## [DATASET RECORDS]
==============================

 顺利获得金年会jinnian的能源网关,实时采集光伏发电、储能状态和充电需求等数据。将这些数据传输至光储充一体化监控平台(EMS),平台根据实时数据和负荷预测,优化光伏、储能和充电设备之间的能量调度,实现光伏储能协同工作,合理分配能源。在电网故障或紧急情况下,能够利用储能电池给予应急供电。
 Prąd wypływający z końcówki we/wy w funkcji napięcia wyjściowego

==============================

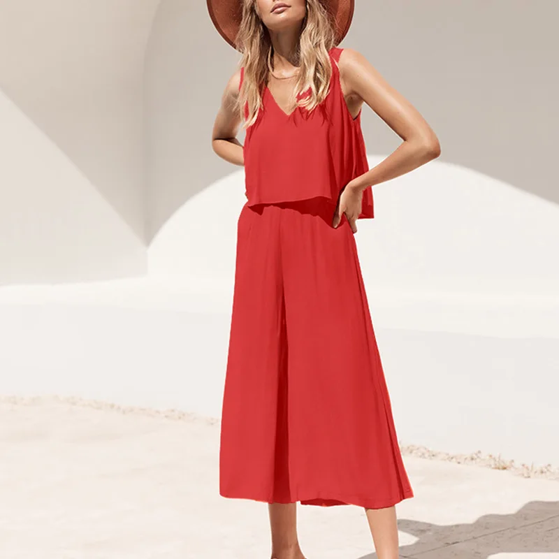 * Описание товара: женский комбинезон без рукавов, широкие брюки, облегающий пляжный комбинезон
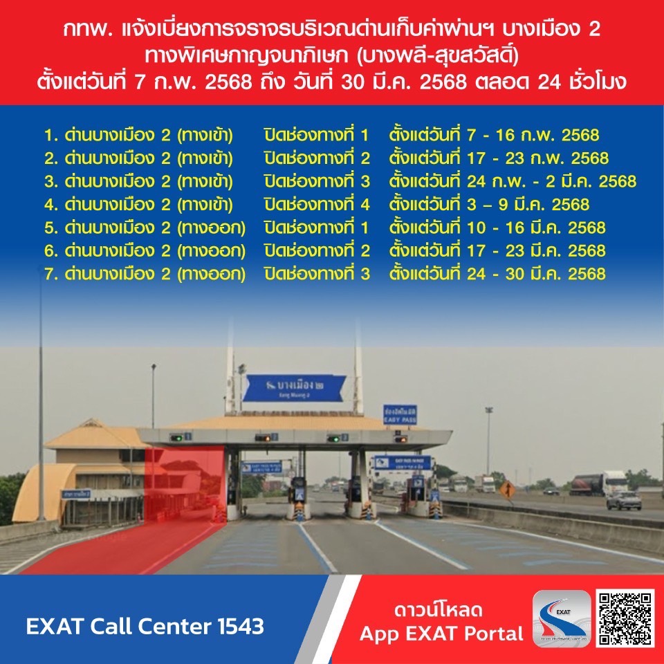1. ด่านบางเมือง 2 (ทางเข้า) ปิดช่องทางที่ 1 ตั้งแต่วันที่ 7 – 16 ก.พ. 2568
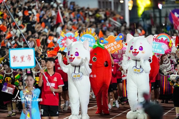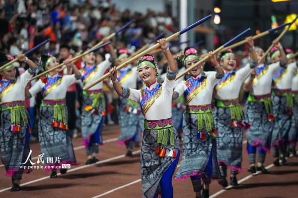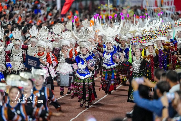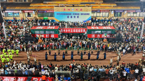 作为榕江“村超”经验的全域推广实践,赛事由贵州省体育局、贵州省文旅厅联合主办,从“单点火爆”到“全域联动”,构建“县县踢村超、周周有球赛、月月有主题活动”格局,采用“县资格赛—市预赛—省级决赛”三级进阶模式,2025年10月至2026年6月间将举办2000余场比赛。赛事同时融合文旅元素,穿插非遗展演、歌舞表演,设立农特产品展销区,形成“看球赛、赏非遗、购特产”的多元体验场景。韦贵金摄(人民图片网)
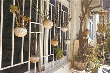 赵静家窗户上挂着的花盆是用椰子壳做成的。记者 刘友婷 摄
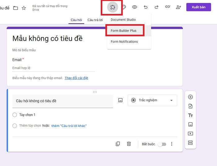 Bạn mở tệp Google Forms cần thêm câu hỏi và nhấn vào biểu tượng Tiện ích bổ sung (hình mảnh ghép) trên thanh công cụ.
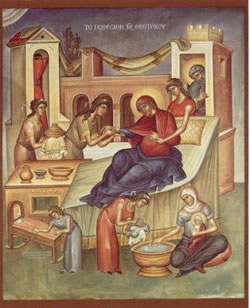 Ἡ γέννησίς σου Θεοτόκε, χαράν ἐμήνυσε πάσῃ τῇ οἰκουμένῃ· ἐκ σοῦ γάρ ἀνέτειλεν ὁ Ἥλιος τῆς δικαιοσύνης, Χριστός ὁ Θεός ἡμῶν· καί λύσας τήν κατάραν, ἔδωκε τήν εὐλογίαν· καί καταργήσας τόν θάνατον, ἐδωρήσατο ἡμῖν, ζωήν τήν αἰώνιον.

==============================

## [DESCRIPTION OF THE TASK]
Please copy the lines above exactly, starting at the line that holds "1. ด่านบางเมือง 2" and ending at the line that holds "Ἡ γέννησίς σου"; include both, but no pictures.

## [WRITTEN RESPONSE]
1. ด่านบางเมือง 2 (ทางเข้า) ปิดช่องทางที่ 1 ตั้งแต่วันที่ 7 – 16 ก.พ. 2568
 作为榕江“村超”经验的全域推广实践,赛事由贵州省体育局、贵州省文旅厅联合主办,从“单点火爆”到“全域联动”,构建“县县踢村超、周周有球赛、月月有主题活动”格局,采用“县资格赛—市预赛—省级决赛”三级进阶模式,2025年10月至2026年6月间将举办2000余场比赛。赛事同时融合文旅元素,穿插非遗展演、歌舞表演,设立农特产品展销区,形成“看球赛、赏非遗、购特产”的多元体验场景。韦贵金摄(人民图片网)
 赵静家窗户上挂着的花盆是用椰子壳做成的。记者 刘友婷 摄
 Bạn mở tệp Google Forms cần thêm câu hỏi và nhấn vào biểu tượng Tiện ích bổ sung (hình mảnh ghép) trên thanh công cụ.
 Ἡ γέννησίς σου Θεοτόκε, χαράν ἐμήνυσε πάσῃ τῇ οἰκουμένῃ· ἐκ σοῦ γάρ ἀνέτειλεν ὁ Ἥλιος τῆς δικαιοσύνης, Χριστός ὁ Θεός ἡμῶν· καί λύσας τήν κατάραν, ἔδωκε τήν εὐλογίαν· καί καταργήσας τόν θάνατον, ἐδωρήσατο ἡμῖν, ζωήν τήν αἰώνιον.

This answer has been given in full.